続いて欲しい「夢」

 アイドルときいていったいどういう物だと考えるだろう。

「歌ったり踊ったりする人」「その人のグッズを販売すれば売れる人」「その人が何か取り組みをすれば一躍ニュースになる人」
世の中には色々定義がありそうだが今回この文章を書くに当たってはある定義を決める。
「見ている人に夢を与える存在」という定義でこの文章は進めていくことにする。
この時点で「いやそれは違うだろう」という人は申し訳ないがこの先の文章は異世界生物の意見として楽しんで欲しい。

 まずこんな文章を書くことにした背景を話すと,ハッシュタグからお察し頂ける方もいると思うがアイドルグループ「嵐」の活動休止報道である。
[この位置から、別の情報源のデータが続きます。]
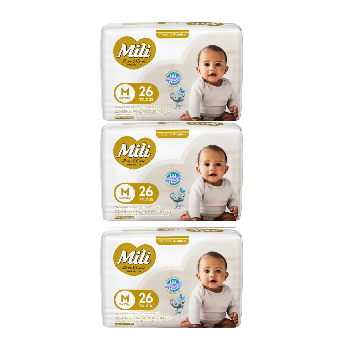 Kit C3 Fralda Mili Love Care Tamanho M Jumbo C/26 - Mili
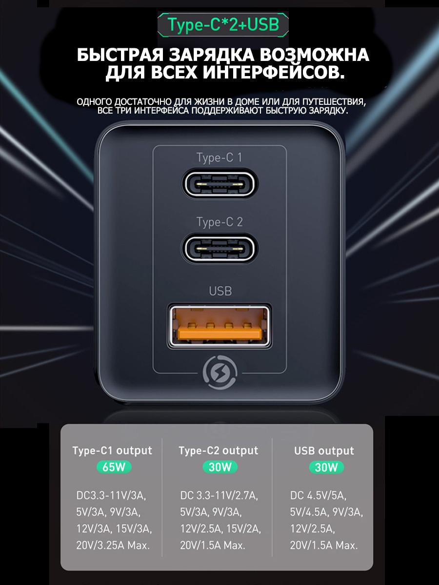 ОсобенностиЗащита от перегрузки по току, Защита от перегрева, Быстрая зарядка Power Delivery, Защита от короткого замыкания, Защита от высокого напряжения, Защита от низкого напряжения, Быстрая зарядка QC3.0, Двухсторонние порты
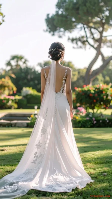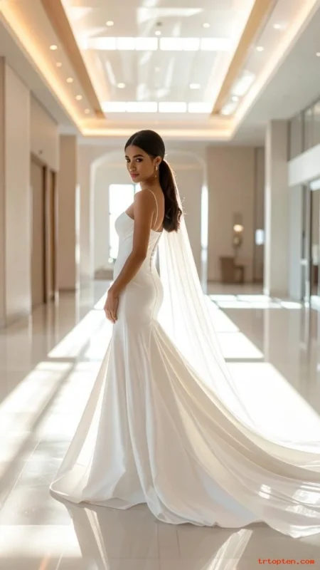 This style fits contemporary weddings and city venues. It looks great with square necklines and minimalist gowns.

アイドルの活動休止なんて今時珍しい物でもないし,人間がやることならばどこかで区切りはつくだろう。吾輩が着目したのは活動休止その者ではない。

 活動休止の記者会見である。吾輩も一部始終を見ていたわけではないが,あの雰囲気に「おや?」となった。
 内容としては活動の区切を迎えるに当たってメンバーで話し合ったことの報告といった感じである。しかしその表情は必要以上の重さがなく,むしろ「ひっくり返った」や「誕生日祝いかと思った」という発言のように少々カジュアルに話せる空気もあったのでまずそこに興味を感じたのである。
 吾輩の体感だが,以前までこのような場面では決死の覚悟や張り詰めた空気になることが多いような気がしていた。しかし今回は今後のことを至っては自分の意見や決定したことを素朴に話していた様に感じたのだ。報道や映像を見る限りまずい空気になった瞬間もあるし,ショックを受けている方もいるようなのであまり適当なことは言えないが。
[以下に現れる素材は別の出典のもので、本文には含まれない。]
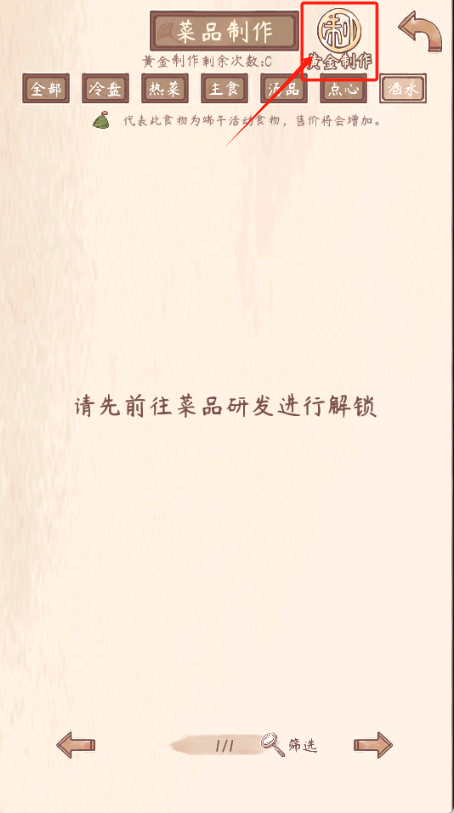 3、选菜品制作做菜,黄金制作要解锁,先研发新菜。

 だがこの会見を見てこのグループは仮に各々がバラバラの道を辿っても普通に仲良く酒を飲み交わすくらいのことはやってくれそうだなあと思ってしまったのである。本当にそうするかは知らないが,あくまでアイドルに対する勝手なイメージなので許して欲しい。
 人生には別れと出会いが必然とは言われるが,「お互いしっかり納得した上」の別れは実はそんなに多くない気がする。だいたい予期せぬタイミングで別れが訪れ,もう2度と会えなかったり,ふたたび会えたとしても気まずい思いをして会う。ということはよくありそうだ。あるいは口では笑っていても目は笑ってない。これもよくあるパターンだろう。特に転職や移住,所属が頻繁に変わる現代社会では突然の別れに触れることが多くなっている気がするし,その別れを糧にして人間関係を続行させるのは難易度が上がっている気がする。
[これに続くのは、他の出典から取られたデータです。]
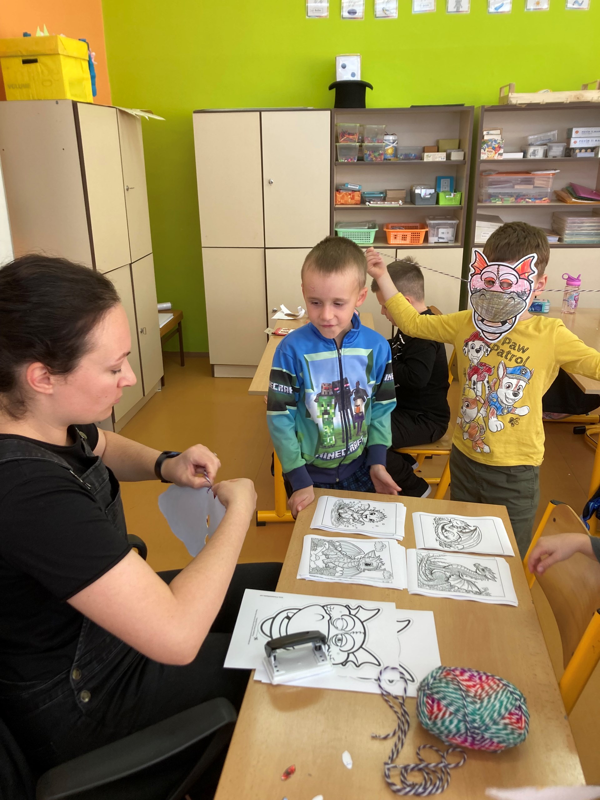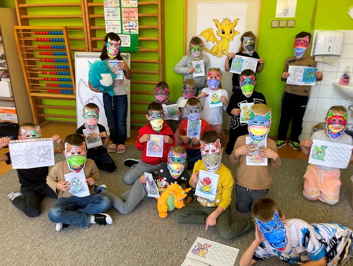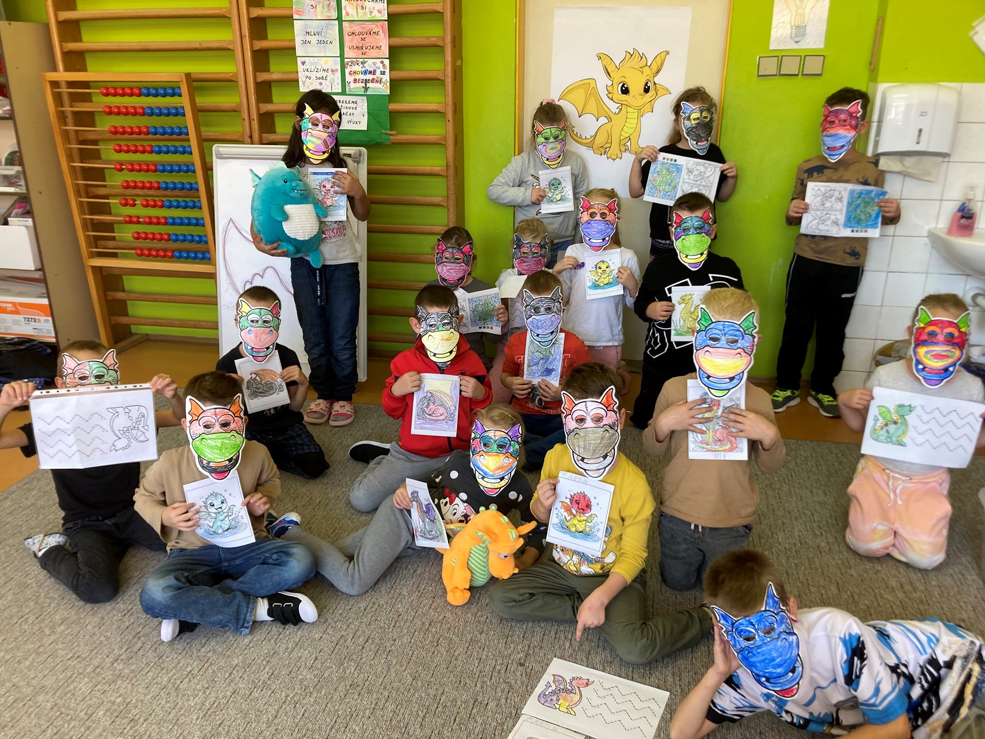 Ve čtvrtek 17. října se to v 1. C hemžilo samými draky. Ptáte se proč? Prvňáčkům se totiž podařilo dosáhnout prvního velkého úkolu v celoroční hře VELKÉ DRAČÍ PUTOVÁNÍ a za odměnu si vysloužili první DRAČÍ DEN. A tak jsme od rána pracovali ve skupinách, ve kterých jsme počítali a porovnávali draky, tvořili dračí věty a vymýšleli drakům legrační jména, trénovali ruku na dračích grafomotorických cvicích, obtahovali obří dračí jednotažku nebo vymalovávali dračí omalovánky. S mírnou dopomocí paní asistentky si každý vyrobil svou dračí masku. Přečetli jsme si pohádku o tom, jak se rodí draci a dozvěděli se, že barvu draka ovlivní to, jak blízko ohně se vylíhne. Teď už také víme, proč má náš zlatý školní drak Drápek jeden zelený dráp a jsme zvědaví na to, co všechno se naučí a dokáže. Bylo toho zkrátka moc, a i když se dětem zdálo, že se vůbec neučí, udělali jsme ohromný kus práce. Všechny nás to velmi bavilo a už teď se těšíme na další dračí den.

 そんな中でお互いの言い分や意見をしっかり認め,ひとまず別の道を歩くことが決定してもお互いのことを思いやりながら歩めるというのはある意味ファンタジーである。
 ここで冒頭の定義に戻ろう。アイドルは「見ている人に夢を与える存在」。となればこの嵐というグループはなじみの人との別離があっても良好な関係を続行できるという「夢」をあの記者会見で与えてしまったのである。記者会見でアイドルの役割を果たすとは。恐るべし。

 最後に皆様に謝らなければならない。吾輩は熱烈な嵐ファンではなく,今回の件でそれほどそれほど感情を揺り動かしていない。分かったようなことを書いているかもしれない。「これ違う」と言うことがあれば教えて欲しい。
 ただ,あの記者会見を見て無性に書きたい衝動に駆られてしまった。これは事実だ。吾輩も別離を超えてつきあえる人間関係がほしいものである。